• _TASK BRIEF_:
Beneath this task are records; print exactly the stretch of them from the line with "Corneta Curta Modelo" through the line with "Reich mit Flachschnittornament", both ends included.

• _DATA FOR THE TASK_:
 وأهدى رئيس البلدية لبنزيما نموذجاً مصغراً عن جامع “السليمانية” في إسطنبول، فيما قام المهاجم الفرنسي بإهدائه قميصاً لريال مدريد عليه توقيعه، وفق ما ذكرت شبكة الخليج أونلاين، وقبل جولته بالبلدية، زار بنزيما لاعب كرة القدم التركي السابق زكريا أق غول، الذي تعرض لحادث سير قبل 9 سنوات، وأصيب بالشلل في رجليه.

---

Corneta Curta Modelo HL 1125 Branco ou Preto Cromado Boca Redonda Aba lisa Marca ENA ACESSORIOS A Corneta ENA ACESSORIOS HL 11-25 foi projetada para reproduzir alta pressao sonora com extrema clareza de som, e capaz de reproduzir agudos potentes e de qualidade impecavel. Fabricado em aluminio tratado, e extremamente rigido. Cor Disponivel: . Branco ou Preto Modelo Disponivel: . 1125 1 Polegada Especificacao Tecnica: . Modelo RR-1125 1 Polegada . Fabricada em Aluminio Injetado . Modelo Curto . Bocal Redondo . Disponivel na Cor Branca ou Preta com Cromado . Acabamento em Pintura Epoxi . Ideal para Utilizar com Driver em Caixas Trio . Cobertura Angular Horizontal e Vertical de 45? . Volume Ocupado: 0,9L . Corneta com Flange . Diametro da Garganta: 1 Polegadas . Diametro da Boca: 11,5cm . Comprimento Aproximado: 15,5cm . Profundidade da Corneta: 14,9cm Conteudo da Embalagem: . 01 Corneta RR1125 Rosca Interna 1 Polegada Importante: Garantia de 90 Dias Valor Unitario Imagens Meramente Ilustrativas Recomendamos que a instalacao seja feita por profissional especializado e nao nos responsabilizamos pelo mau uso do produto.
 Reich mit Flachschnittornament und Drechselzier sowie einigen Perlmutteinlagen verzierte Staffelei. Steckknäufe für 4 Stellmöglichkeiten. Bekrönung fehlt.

--

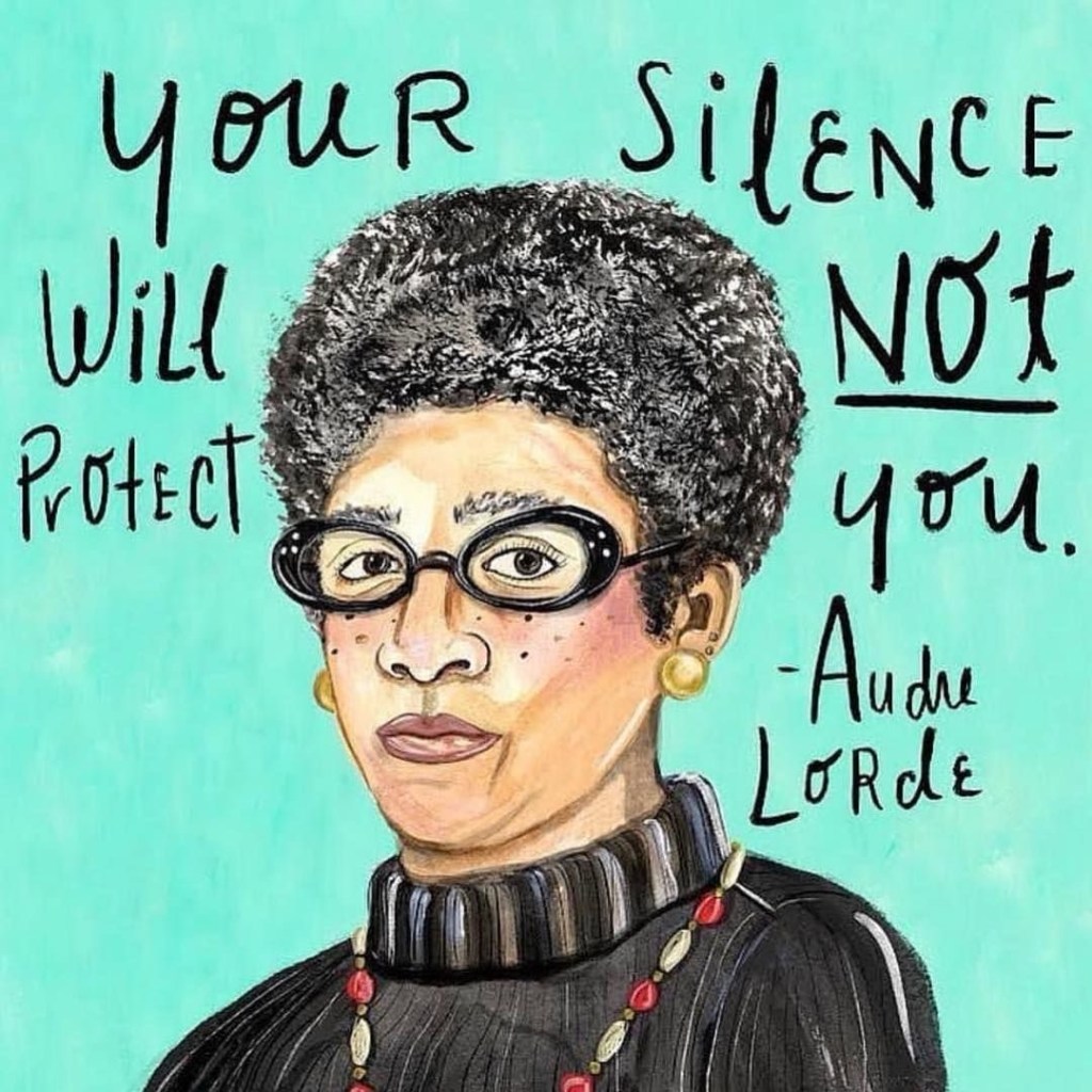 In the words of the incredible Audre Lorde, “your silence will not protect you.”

• _SOLUTION TO THIS TASK_:
Corneta Curta Modelo HL 1125 Branco ou Preto Cromado Boca Redonda Aba lisa Marca ENA ACESSORIOS A Corneta ENA ACESSORIOS HL 11-25 foi projetada para reproduzir alta pressao sonora com extrema clareza de som, e capaz de reproduzir agudos potentes e de qualidade impecavel. Fabricado em aluminio tratado, e extremamente rigido. Cor Disponivel: . Branco ou Preto Modelo Disponivel: . 1125 1 Polegada Especificacao Tecnica: . Modelo RR-1125 1 Polegada . Fabricada em Aluminio Injetado . Modelo Curto . Bocal Redondo . Disponivel na Cor Branca ou Preta com Cromado . Acabamento em Pintura Epoxi . Ideal para Utilizar com Driver em Caixas Trio . Cobertura Angular Horizontal e Vertical de 45? . Volume Ocupado: 0,9L . Corneta com Flange . Diametro da Garganta: 1 Polegadas . Diametro da Boca: 11,5cm . Comprimento Aproximado: 15,5cm . Profundidade da Corneta: 14,9cm Conteudo da Embalagem: . 01 Corneta RR1125 Rosca Interna 1 Polegada Importante: Garantia de 90 Dias Valor Unitario Imagens Meramente Ilustrativas Recomendamos que a instalacao seja feita por profissional especializado e nao nos responsabilizamos pelo mau uso do produto.
 Reich mit Flachschnittornament und Drechselzier sowie einigen Perlmutteinlagen verzierte Staffelei. Steckknäufe für 4 Stellmöglichkeiten. Bekrönung fehlt.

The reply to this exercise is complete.